Um das Ganze zu verstehen, muss man ein bisschen über die Umgebung wissen, in der ich lebe: Ein großes Neubaugebiet in einer ehemaligen US Housing Area, die unmittelbar an eine Siedlung grenzt, die immer noch als sozialer Brennpunkt verschrieen ist. Ein Viertel mit vielen Nationalitäten und wenig Möglichkeiten etwas zu unternehmen; tagsüber ganz hübsch, aber nachts auch ein bisschen gruselig, wenn die Straßen leer sind, bis auf die Jugendlichen, die sich auf Spielplätzen und in dem kleinen Park die Kante geben. Auch, wenn mir noch nie etwas passiert ist: Gruppen Alkohol trinkender junger Männer sind mir suspekt. Gerade nachts und ich bin regelmäßig spät unterwegs, weil der Hund Auslauf braucht.

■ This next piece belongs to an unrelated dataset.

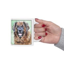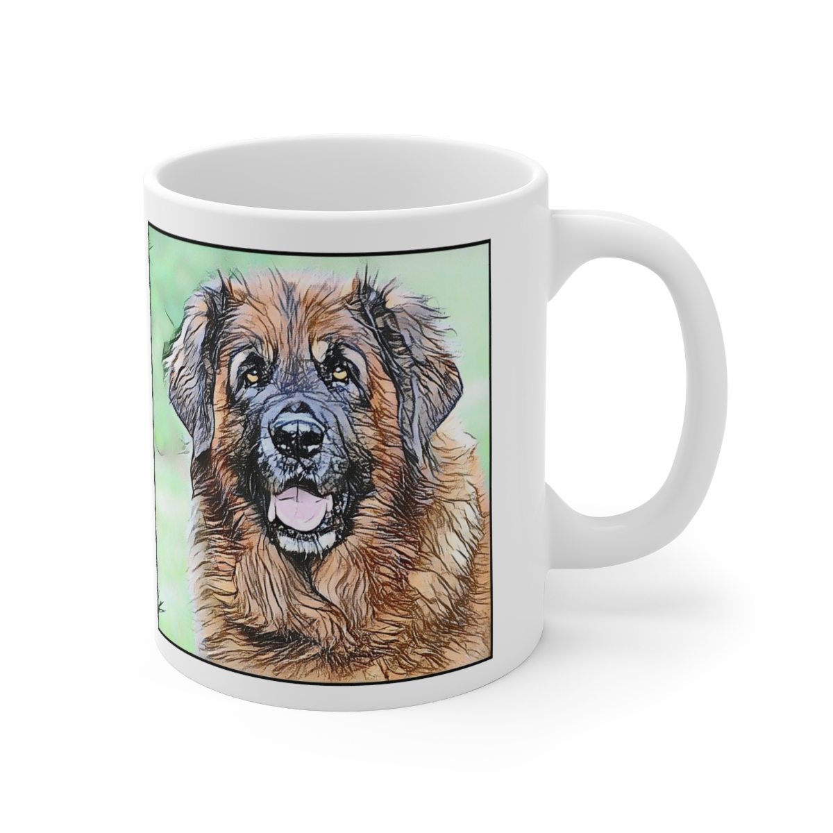 Keep cozy and warm with a nice cuppa, featuring the beloved Leonberger dog breed stylized in our Coloromo Penciled In art on a ceramic mug. Lead and BPA-free, these durable mugs are also microwave & dishwasher-safe. Made of white, resilient ceramic in an 11-ounce size, this is the perfect gift for coffee, tea, and hot chocolate lovers.

Auch diese Nacht war Mitternacht schon vorbei, als ich los kam, weil ich unbedingt noch einen Film zuende sehen wollte. Aus Richtung des Brennpunkts kamen Knallgeräusche. Silvester beginnt hier halt früher. Ich überlegte noch, ob ich deshalb einen anderen Weg nehmen sollte, als sonst, beschloss dann aber, dass vermutlich nur zwischen den Hochhäusern geballert wurde.
Dass das ein Irrtum war, erkannte ich, kurz nachdem ich aus unserer Wohnstraße auf das abgebogen war, was hier als Hauptstraße fungiert. Mir kam ein Trupp von ungefähr zehn Jugendlichen entgegen, die sich über die Straße hinweg mit Böllern bewarfen. Dazu gab es Gejohle, Gelächter und Geschrei in irgendeiner Sprache, die ich nicht verstehe. Dann hörte der Bürgersteig auf der anderen Straßenseite auf und alle kamen auf meine Seite rüber. Natürlich machten sie weiter, nur eben enger beieinander und fanden das totkomisch. Mir ging in dem Moment der Arsch ziemlich auf Grundeis.
Eine Frau allein auf einer dunklen Straße, nur begleitet von einem Hund im Katzenformat gegen eine Gruppe aufgeputschter, dunkelhaariger Jugendlicher. Keine Möglichkeit auszuweichen. Das ist der Stoff aus dem Alpträume und Horrorstories gemacht werden.

Wir waren noch ungefähr fünf Meter von einander entfernt, als der Erste mich bemerkte, sich umdrehte und den hinter ihm Gehenden zubrüllte: „Hört mal ’nen Moment auf, ey!“
Natürlich war nicht sofort Schluss, aber einer hinter schrie: „Zivilisten!“, und es bildete sich eine Gasse für Hund und mich. Die Knallerei stoppte und der Vorletzte wünschte: „Frohes neues Jahr.“
Den Wunsch habe ich gerne erwidert.

Und weil das einfach eine schöne Geschichte ist, möchte ich das Erlebte gerne mit euch teilen und dazu nutzen, euch ebenfalls einen guten Rutsch und ein frohes neues Jahr zu wünschen, auch wenn es eigentlich noch ein paar Stunden zu früh ist.